**PROBLEM TO SOLVE**
Return every line of the records below verbatim, with no pictures in the copy.

**RECORDED DATA**

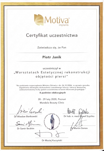 Bardzo polecam Pana Doktora wszystkim, którym zależy na profesjonalnym i jednocześnie bardzo ciepłym, ludzkim podejściu do pacjentów. Dr Janik wyjaśnia bardzo dokładnie na czym polega operacja, jakie metody chirurgiczne zostaną zastosowane i wprost mówi o możliwych komplikacjach, by pacjent mógł podjąć w pełni świadomą decyzję. Przy wyborze implantów całkowicie zaufałam profesjonalnej rekomendacji Doktora Janika i to był strzał w 10. Efekty przeszły moje najśmielsze oczekiwania - dzięki bogatej wiedzy i świetnej technice operacyjnej Pana Doktora. Rekonwalescencja również przebiegała bezproblemowo, a blizny są już niemal niewidoczne.
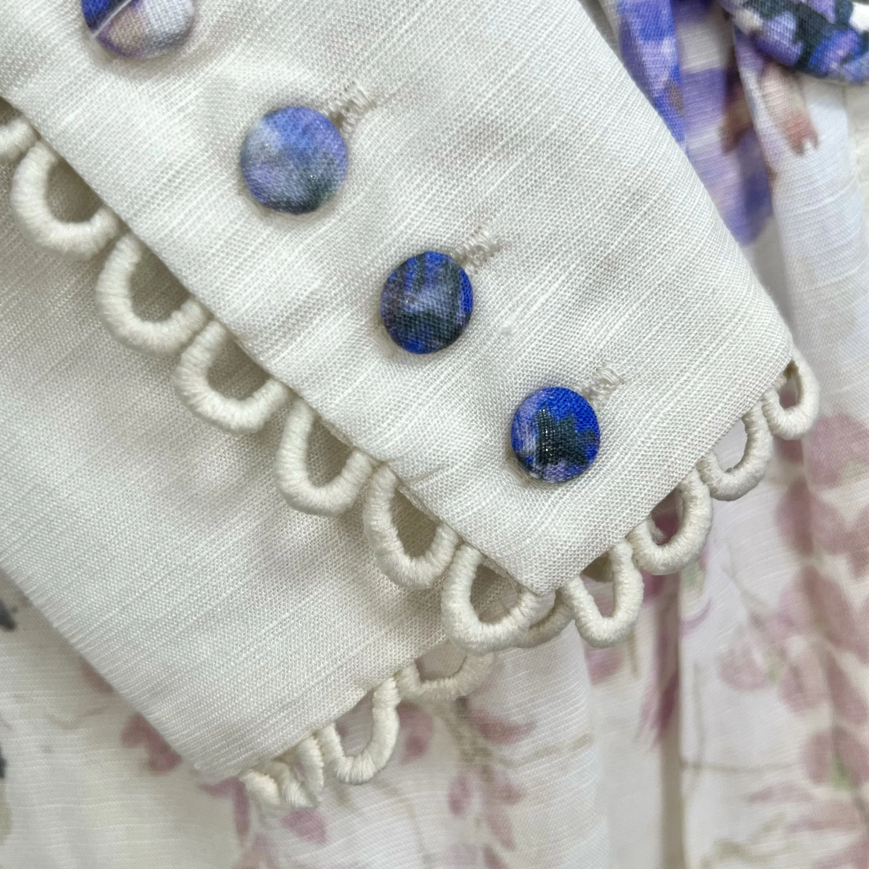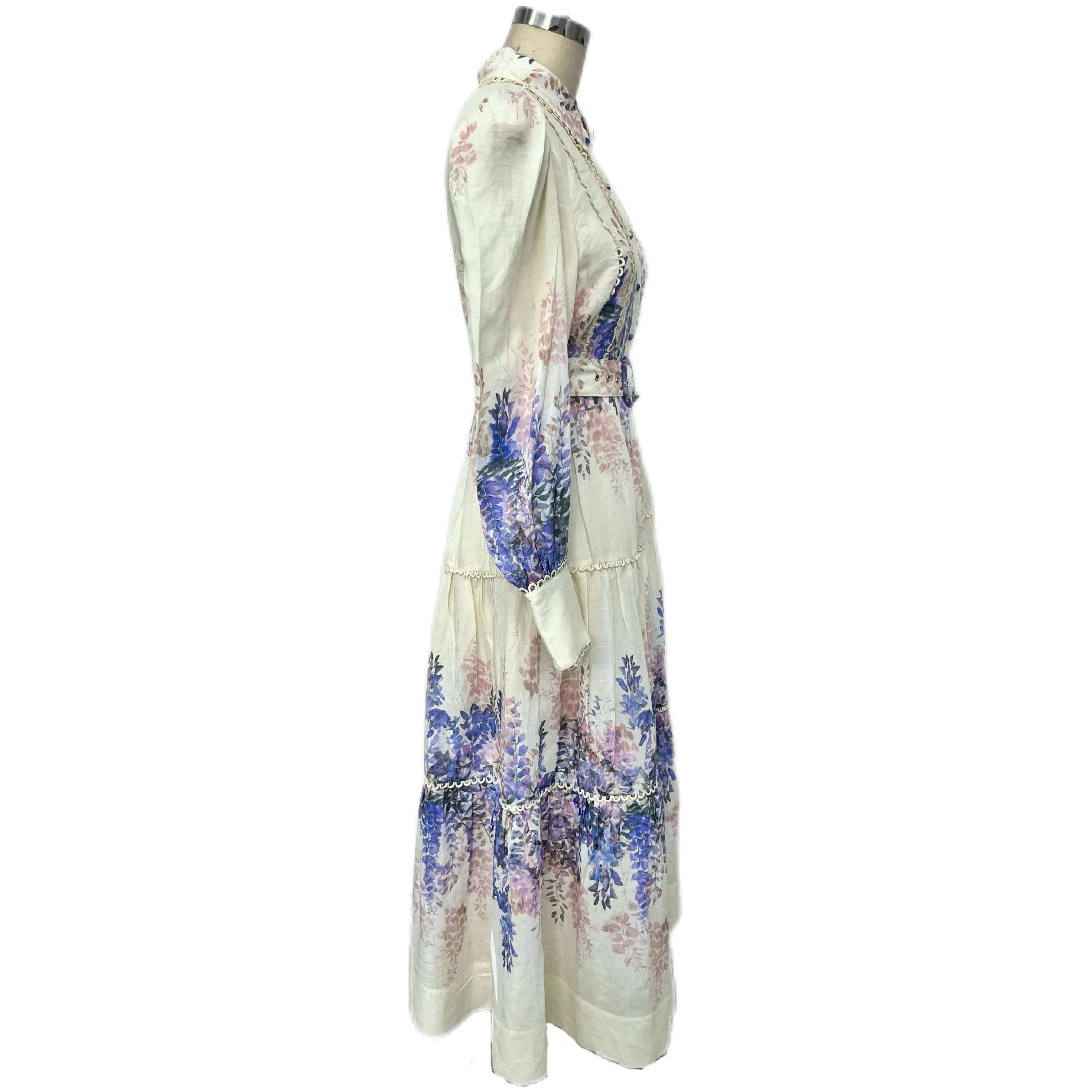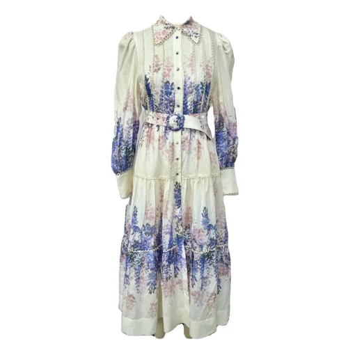 Vintage-inspired A-Line Dress Printed Lantern Long-Sleeved Waistline Elegant Full-Length Skirt Spring Autumn Casual
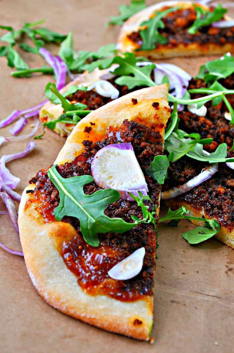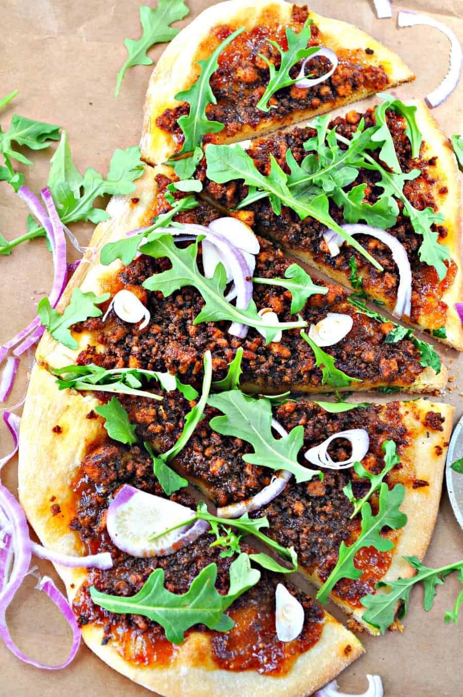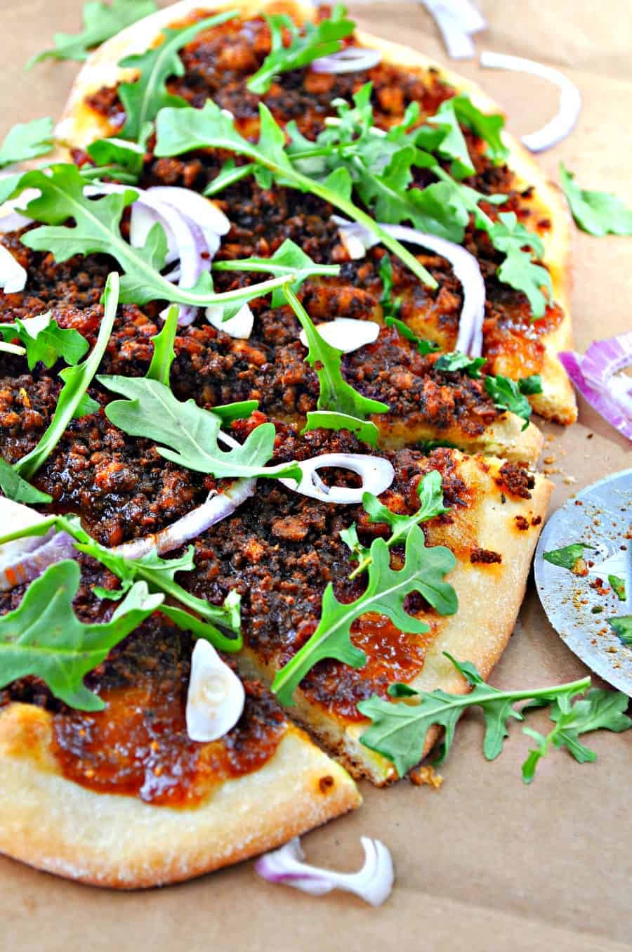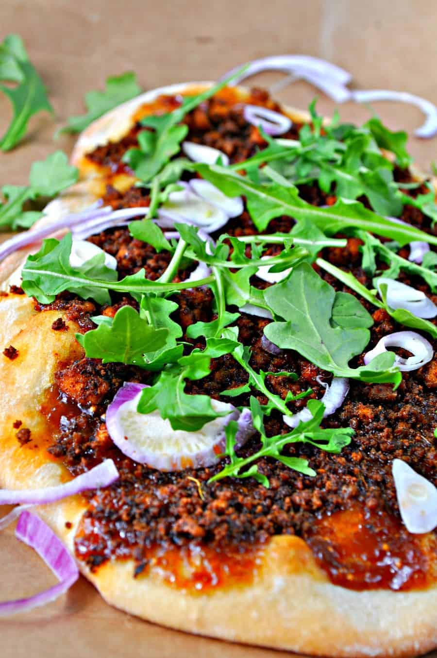 Top this pizza with fresh arugula and red onion to create a very well rounded flavor profile with the peppery freshness of the raw veggies. I think this is undoubtedly one of the most delicious pizzas I have ever had. You will not even miss the cheese, I promise.
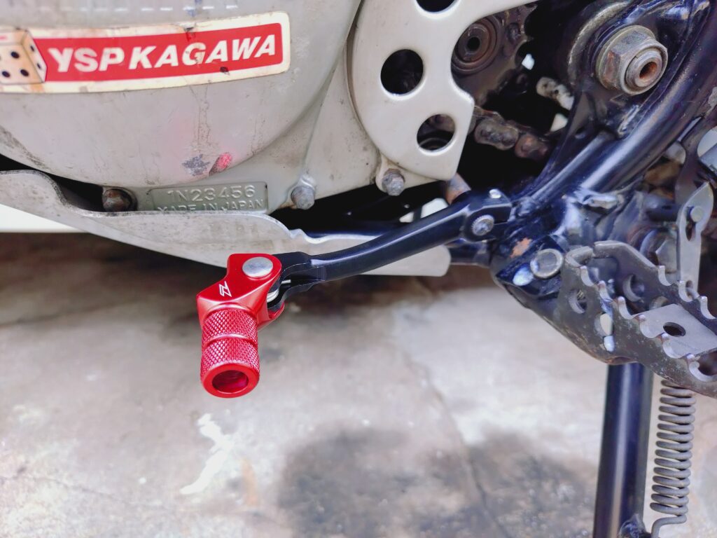 汚古いバイクに新品レバー。違和感しかない。古いレバーはそのうちコケて折れた時のスペアに
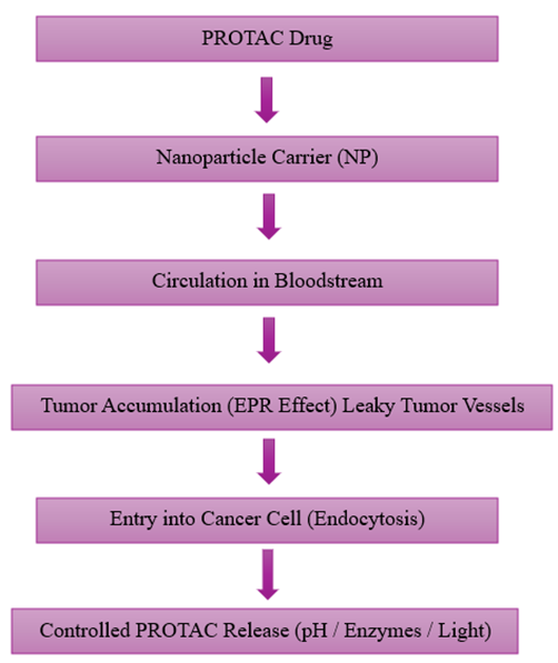 Despite these advantages, PROTACs face challenges such as poor solubility, low stability, and limited ability to enter cells. To overcome these problems, nanodrug delivery systems (NDDS) play a very important role. NDDS help improve PROTAC delivery by increasing solubility, enhancing cell uptake, reducing side effects, and delivering drugs directly to tumours through mechanisms like the enhanced permeability and retention (EPR) effect. Various nanocarriers, such as lipid nanoparticles, polymeric nanoparticles, and inorganic nanoparticles, are used. Review studies report strategies like drug encapsulation, chemical conjugation, and smart stimuli-responsive systems to improve tumour targeting and treatment effectiveness in cancers such as prostate, breast, and gastrointestinal cancers.

**RESULT OF THE TASK**
 Bardzo polecam Pana Doktora wszystkim, którym zależy na profesjonalnym i jednocześnie bardzo ciepłym, ludzkim podejściu do pacjentów. Dr Janik wyjaśnia bardzo dokładnie na czym polega operacja, jakie metody chirurgiczne zostaną zastosowane i wprost mówi o możliwych komplikacjach, by pacjent mógł podjąć w pełni świadomą decyzję. Przy wyborze implantów całkowicie zaufałam profesjonalnej rekomendacji Doktora Janika i to był strzał w 10. Efekty przeszły moje najśmielsze oczekiwania - dzięki bogatej wiedzy i świetnej technice operacyjnej Pana Doktora. Rekonwalescencja również przebiegała bezproblemowo, a blizny są już niemal niewidoczne.
 Vintage-inspired A-Line Dress Printed Lantern Long-Sleeved Waistline Elegant Full-Length Skirt Spring Autumn Casual
 Top this pizza with fresh arugula and red onion to create a very well rounded flavor profile with the peppery freshness of the raw veggies. I think this is undoubtedly one of the most delicious pizzas I have ever had. You will not even miss the cheese, I promise.
 汚古いバイクに新品レバー。違和感しかない。古いレバーはそのうちコケて折れた時のスペアに
 Despite these advantages, PROTACs face challenges such as poor solubility, low stability, and limited ability to enter cells. To overcome these problems, nanodrug delivery systems (NDDS) play a very important role. NDDS help improve PROTAC delivery by increasing solubility, enhancing cell uptake, reducing side effects, and delivering drugs directly to tumours through mechanisms like the enhanced permeability and retention (EPR) effect. Various nanocarriers, such as lipid nanoparticles, polymeric nanoparticles, and inorganic nanoparticles, are used. Review studies report strategies like drug encapsulation, chemical conjugation, and smart stimuli-responsive systems to improve tumour targeting and treatment effectiveness in cancers such as prostate, breast, and gastrointestinal cancers.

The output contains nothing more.